L’entusiasta slogan della sinistra vincente a Genova e Ravenna tramonta in due giorni sulla piazza per Gaza.
Che già sono almeno tre piazze. Come resta soffice il guanciale di Meloni

“Uniti si vince, Giorgia Meloni deve preoccuparsi”, gongolava Elly Schlein due giorni fa. È successo che il famigerato Campo largo, l’alleanza onnicomprensiva di tutti i partiti che sono all’opposizione del governo, ha vinto le elezioni comunali a Genova e a Ravenna. Per una dozzina di ore Silvia Salis, la papessa straniera convinta a guidare il centrosinistra verso il sol dell’avvenire, è diventata una sorta di novella Romano Prodi, la coalizione che l’ha sostenuta tra i carrugi il modellino di un nuovo Ulivo da esibire nei talk serali.
Passano ventiquattr’ore, e Meloni può tornare a dormire sonni tranquilli. Giuseppe Conte compulsa i sondaggi, si accorge che la patina della vittoria genovese è appena sufficiente a mascherare il magrissimo bottino di voti delle sue liste, che non raggiungono la doppia cifra quasi da nessuna parte, ad eccezione di pochi casi nei quali i pentastellati correvano da soli. E quindi uniti si vincerà, forse, “ma non a tutti i costi”.

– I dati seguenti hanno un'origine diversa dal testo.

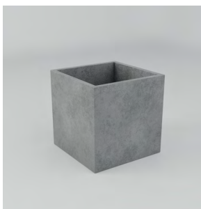
ВЕРОНА L: • 800 x 800 x 800 mm • Склопластик: 38 050 UAH

Dunque lunedì “uniti si vince”, martedì però forse anche no. E poi si arriva a mercoledì. Perché mercoledì il sol dell’avvenire è già tramontato. Elly Schlein, Giuseppe Conte, Nicola Fratoianni e Angelo Bonelli annunciano una grande manifestazione per fermare la guerra a Gaza. Appuntamento a Roma il 7 giugno, a piazza San Giovanni. Carlo Calenda e Matteo Renzi non è che siano così convinti di partecipare. Si parlerà di genocidio in piazza? Si potranno portare le bandiere di Israele? Non si sa, i quattro promotori non chiariscono. Così i due si sentono: facciamo un’altra piazza insieme, ma a Milano, e il giorno prima, il 6 giugno. Grande idea. Aderiscono anche +Europa e il partito Liberaldemocratico di Luigi Marattin. Non è che sia la pace tra Peres e Arafat, ma che il Terzo Polo rinasca per un giorno da queste parti è quasi una notizia.
Insomma, chi invoca la pacificazione nella Striscia non riesce a trovare nemmeno un’intesa per condividere una piazza insieme. Due popoli e due piazze, quindi. Anzi no. Perché di piazze in realtà ce ne sono tre. Due settimane dopo, il 21 giugno, Arci, Sbilanciamoci, Rete Italiana Pace e Disarmo, Fondazione Perugia Assisi, Greenpeace Italia, Attac e Transform Italia, si sono convocati a Roma per una “grande manifestazione (aridaje) contro il riarmo e il genocidio”. Certo, nessuna delle sigle promotrici è quella dei partiti che dovrebbero vincere uniti, ma quando chi vi aderisce va alle urne, a naso, vota da quelle parti. Il pesto che ha condito i sogni del “uniti si vince” si è già ossidato.